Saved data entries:
──────
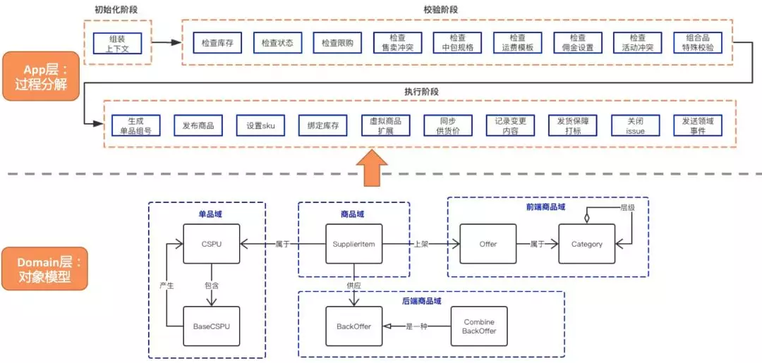 通过上面的案例,我们可以看到有过程分解要好于没有分解,过程分解+对象模型要好于仅仅是过程分解。对于商品上架这个case,如果采用过程分解+对象模型的方式,最终我们会得到一个如下的系统结构:
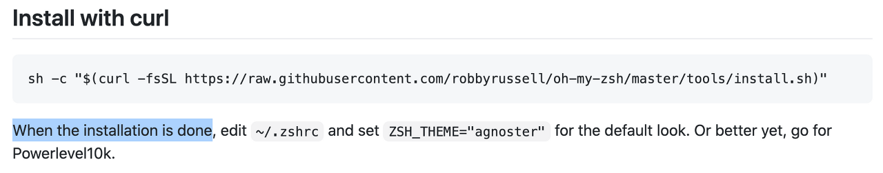 sh -c "$(curl -fsSL https://raw.githubusercontent.com/robbyrussell/oh-my-zsh/master/tools/install.sh)"그럼 몇초 뒤 설치 완료 ✨
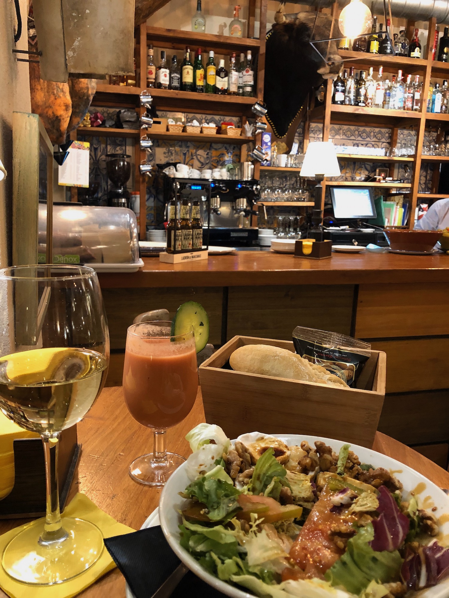 Mercifully, Sevilla has no shortage of great places to eat and drink. In fact, the city comes alive at meal times (and pre-meal times). For some great tapas, I enjoy Bar Catalina La Heroina, which is on the edge of the Santa Cruz neighborhood, and I always end up at Taberna Coloniales, whose out-of-this-world portion sizes continue to take me by surprise. This past year, I found myself dining (alone) at Bar Pelayo twice in two days. Gazpacho in a glass? ¡Sí, por favor! A whole leg of Pulpo to myself? ¿Cómo que no?
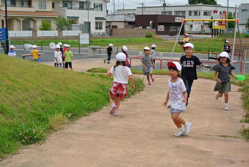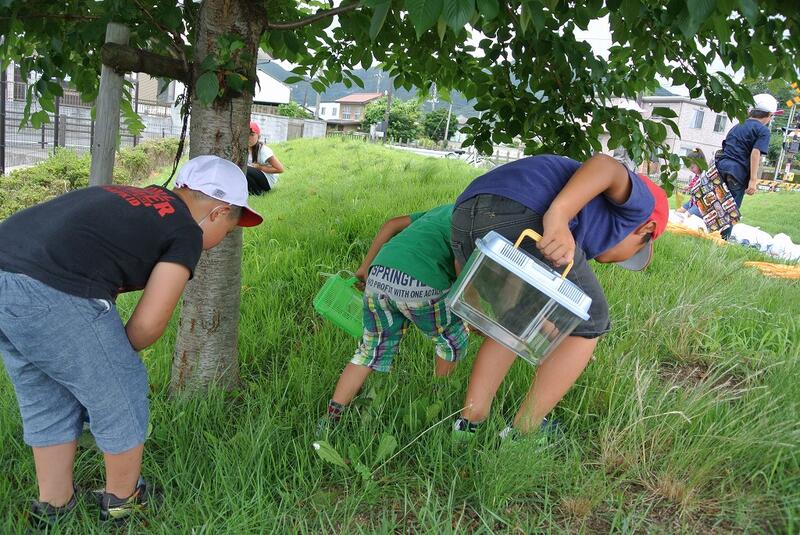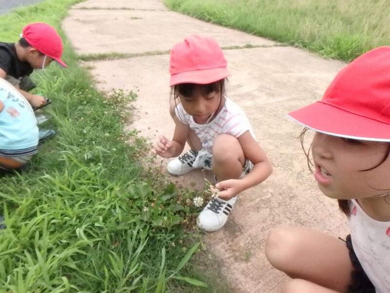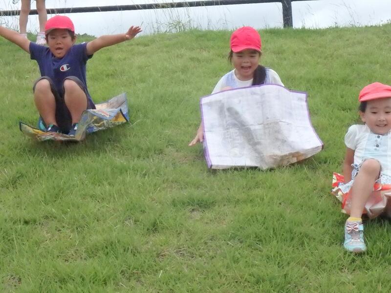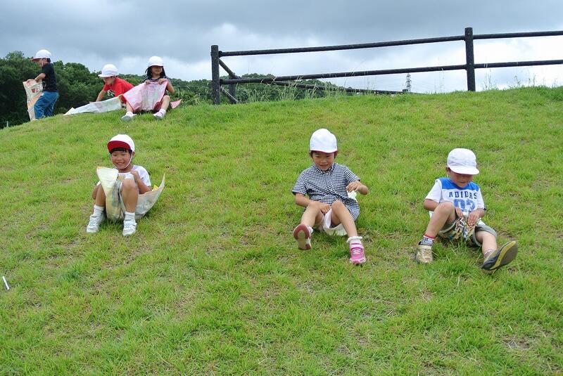 芝すべりや,虫さがし,草花つみなどをみんなで楽しみました。子どもたちのアイディアはとてもおもしろいです。次から次へと遊びを考えていきます。
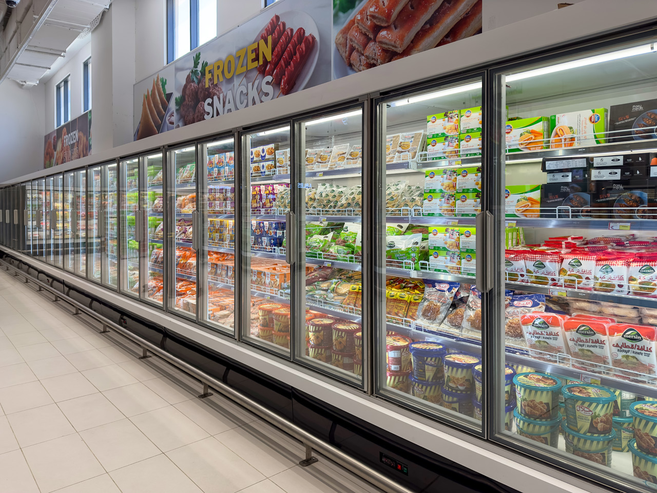 Спеціалізовані модифікації обладнання в дизайні Diagonal з нахиленими експозиційними поверхнями використано для продажу гарячої кулінарії, риби на льоду, олив та м’яса.
──────
PROMPT ::
Above are records with pictures. Reproduce exactly only the lines from the line with "Mercifully, Sevilla has" through the line with "芝すべりや,虫さがし,草花つ", both ends included, and leave the pictures out.

TASK ANSWER ::
 Mercifully, Sevilla has no shortage of great places to eat and drink. In fact, the city comes alive at meal times (and pre-meal times). For some great tapas, I enjoy Bar Catalina La Heroina, which is on the edge of the Santa Cruz neighborhood, and I always end up at Taberna Coloniales, whose out-of-this-world portion sizes continue to take me by surprise. This past year, I found myself dining (alone) at Bar Pelayo twice in two days. Gazpacho in a glass? ¡Sí, por favor! A whole leg of Pulpo to myself? ¿Cómo que no?
 芝すべりや,虫さがし,草花つみなどをみんなで楽しみました。子どもたちのアイディアはとてもおもしろいです。次から次へと遊びを考えていきます。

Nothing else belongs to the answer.